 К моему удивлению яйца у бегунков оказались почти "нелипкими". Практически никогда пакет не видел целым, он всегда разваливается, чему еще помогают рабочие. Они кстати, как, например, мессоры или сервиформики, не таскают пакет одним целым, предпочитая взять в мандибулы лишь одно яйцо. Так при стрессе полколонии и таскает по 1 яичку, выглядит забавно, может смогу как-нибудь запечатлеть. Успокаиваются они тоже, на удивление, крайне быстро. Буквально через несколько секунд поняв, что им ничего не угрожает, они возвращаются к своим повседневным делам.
---
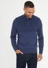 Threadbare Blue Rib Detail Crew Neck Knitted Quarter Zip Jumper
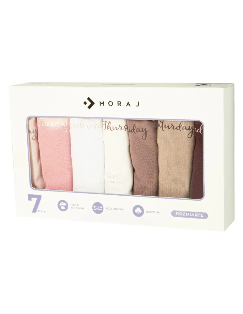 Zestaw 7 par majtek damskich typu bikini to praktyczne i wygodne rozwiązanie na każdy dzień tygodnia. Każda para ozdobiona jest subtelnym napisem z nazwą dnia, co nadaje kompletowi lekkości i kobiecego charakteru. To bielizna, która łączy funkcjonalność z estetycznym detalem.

■ **Task**:
Look back at the data above, then output exactly the lines from the line holding "Threadbare Blue Rib" up to and including the line holding "Zestaw 7 par". Leave out the pictures.

■ **The answer**:
 Threadbare Blue Rib Detail Crew Neck Knitted Quarter Zip Jumper
 Zestaw 7 par majtek damskich typu bikini to praktyczne i wygodne rozwiązanie na każdy dzień tygodnia. Każda para ozdobiona jest subtelnym napisem z nazwą dnia, co nadaje kompletowi lekkości i kobiecego charakteru. To bielizna, która łączy funkcjonalność z estetycznym detalem.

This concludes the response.